Daniel Michael Blake Day-Lewis (born 29 April 1957) is an English actor with both British and Irish citizenship.[1] He has twice won the Academy Award for Best Actor, for portraying Christy Brown in My Left Foot (1989) and Daniel Plainview in There Will Be Blood (2007). He won Best Actor awards from BAFTA and the Screen Actors' Guild for his role as Bill "The Butcher" Cutting in Gangs of New York (2002), and has received high praise for his role as Abraham Lincoln in Steven Spielberg's Lincoln (2012).

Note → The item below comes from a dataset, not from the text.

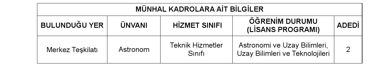 Diyanet İşleri Başkanlığımız Merkez Teşkilatında münhal bulunan ve aşağıdaki tabloda bilgileri yer alan astronom kadrolarına Kamu Personel Seçme Sınavı (KPSS) puan sırası esas alınarak tabloda belirtilen boş kadro sayısının 3 (üç) katı kadar çağrılacak adaylar için yapılacak sözlü sınav başarı sırasına göre açıktan alım yapılacaktır.

Day-Lewis, who grew up in London, is the son of actress Jill Balcon and Poet Laureate Cecil Day-Lewis. Despite his training in the classical presentational acting style at the Bristol Old Vic, he is a method actor, known for his constant devotion to and research of his roles.[2] Often, he will remain completely in character for the duration of the shooting schedule of his films, even to the point of adversely affecting his health.[3] He is known as one of the most selective actors in the film industry, having starred in only six films since 1997,[3] with as many as five years between roles.[2]

Early life

Day-Lewis was born in London, the son of poet Cecil Day-Lewis and actress Jill Balcon. Daniel's father, who was of Anglo-Irish background, lived mainly in England from the age of two and later became the United Kingdom's Poet Laureate. Daniel's mother was Jewish, and his maternal grandparents' families had emigrated to Britain from Latvia and Poland.[4][5] His maternal grandfather, Sir Michael Balcon, was the head of Ealing Studios.[6] Two years after his birth, the family moved to Croom's Hill, Greenwich, south-east London, where Day-Lewis grew up along with his older sister, Tamasin Day-Lewis, who became a documentary filmmaker and television chef.[7]

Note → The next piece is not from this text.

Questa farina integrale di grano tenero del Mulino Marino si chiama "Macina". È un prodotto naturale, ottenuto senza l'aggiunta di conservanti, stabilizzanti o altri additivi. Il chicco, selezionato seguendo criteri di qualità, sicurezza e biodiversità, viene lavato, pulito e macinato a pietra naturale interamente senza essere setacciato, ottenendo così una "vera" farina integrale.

Living in middle class Greenwich, Day-Lewis found himself among tough South London kids, and, being of part Jewish ancestry and "posh", he was often bullied.[8] He mastered the local accent and mannerisms and credits that with being his first convincing performances.[8][9] Later in life, he was known to speak of himself as very much a disorderly character in his younger years, often in trouble for shoplifting and other petty crimes.[9][10]

In 1968, Day-Lewis's parents, finding his behaviour to be too wild, sent him to the independent Sevenoaks School in Kent as a boarder.[10] Though he detested the school, he was introduced to his three most prominent interests: woodworking, acting, and fishing. His disdain for the school grew, and after two years at Sevenoaks, he was transferred to another independent school, Bedales in Petersfield, Hampshire, which his sister attended, and which had a more relaxed and creative ethos.[10] The transfer led to his film debut at the age of 14 in Sunday Bloody Sunday in which he played a vandal in an uncredited role. He described the experience as "heaven", for getting paid £2 to vandalise expensive cars parked outside his local church.[7]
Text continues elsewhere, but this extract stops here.